L’histoire de Jean-Marie Bohémier: la fin

Voici maintenant la fin de l’article paru dans le journal La Minerve concernant les funérailles du docteur Jean-Marie Bohémier. 

La mort de sa soeur madame Dr. Gaudet, de plusieurs parents proches, d’êtres chers à son coeur de jeune homme, les pressantes sollicitations d’un père et d’une mère déjà vieux ne purent le déclouer de ce pilori d’exil. Pourtant il aimait son pays et sa famille. Tous ceux qui l’ont connu là intimement connaissaient tous ses parents, ses compagnons d’enfance, ses amis d’étude, ses plaisirs de collège, les beautés de son pays, les charmes de sa paroisse. Les jours de grandes fêtes, disait son domestique, il ne voulait voir aucun ami, et il passait ces jours à relire les lettres de sa famille et à pleurer; où toutes ces lettres ont-elles été retrouvées froissées de dépit et trempées de larmes?

La charité qu’il professait était le fruit d’une foi vivre qui ne l’abandonna jamais. Le Dr. Marion, qui ne le perdit jamais de vue et auquel, après leur séparation, écrivait toutes les semaines, dit qu’il se faisait un devoir de mettre ses occupations de côté pour assister tous les dimanches à la messe. Le Dr. Ried passant un jour dans un endroit de la ville avec la famille du défunt dit : « Je vous ai conduit ici pour vous dire et me rappeler avec bonheur, ce que votre frère me fit promettre avant sa mort :

– Docteur, me dit-il, nous sommes deux médecins catholiques. Pour que vous soyiez mon ami, il faut que vous me promettiez d’aller à la messe tous les dimanches. Si j’y manque moi-même, je veux que vous me refusiez le titre d’ami.

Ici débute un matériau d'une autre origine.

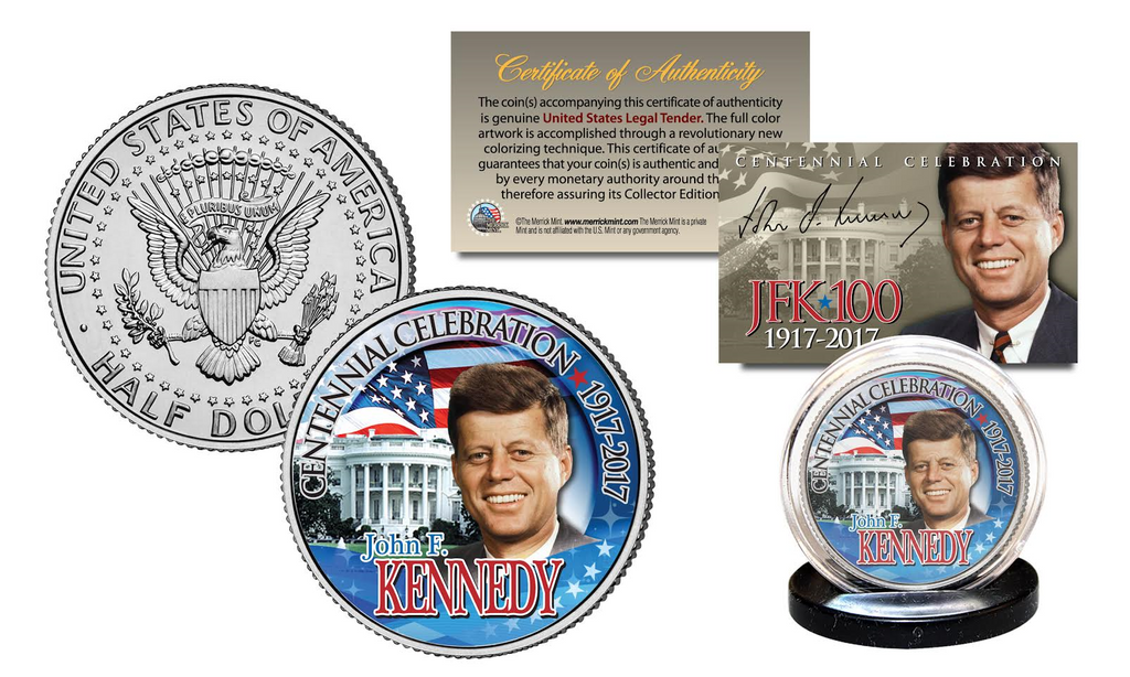 This is the President JOHN F. KENNEDY JFK100 Centennial Celebration collectible coin. Here is your chance to own a beautifully colorized JFK Kennedy Half Dollar U.S. Coin. This high-quality genuine Legal Tender U.S. coin has been colorized using a unique painstaking multicolor authentic process by the Merrick Mint. Colorizing coins involves the unique application of special inks directly to the surface of a coin that achieves a level of detail, color saturation, and durability that is #1 in the coin industry. The result is an everlasting colorized coin collectible of ultra-high quality. Each coin comes in a premium coin capsule with a Certificate of Authenticity to guarantee that your coin is authentic and recognized by every monetary authority around the world, assuring its Collector Edition status. About JFK100 - The entire United States has announced a year-long celebration to honor the 100th anniversary of the birth of President John F. Kennedy. Born in Brookline, Massachusetts on May 29, 1917, President Kennedy was the youngest president ever elected to office. To commemorate his centennial year, the United States is spearheading a series of events and initiatives aimed at inspiring new generations to find meaning and inspiration in the enduring values that formed the heart of the Kennedy presidency.

C’est dans ces sentiments que le Dr. Bohémier s’acheminait vers la mort qui est venue le frapper si tôt et si subitement. Il l’envisagea avec calme. Ceux qui l’assistèrent surent deux heures avant par lui-même qu’il devait mourir ce jour-là. L’évèque de Little Rock, Mgr. Fitzgerald, le confessa et de ce moment jusqu’à son dernier soupir, il ne parla plus qu’en français. Priait-il le Dieu des miséricordes de le recevoir dans son sein? demandait-il des prières à ses amis du Canada? Ceux qui l’entouraient ne le comprirent pas.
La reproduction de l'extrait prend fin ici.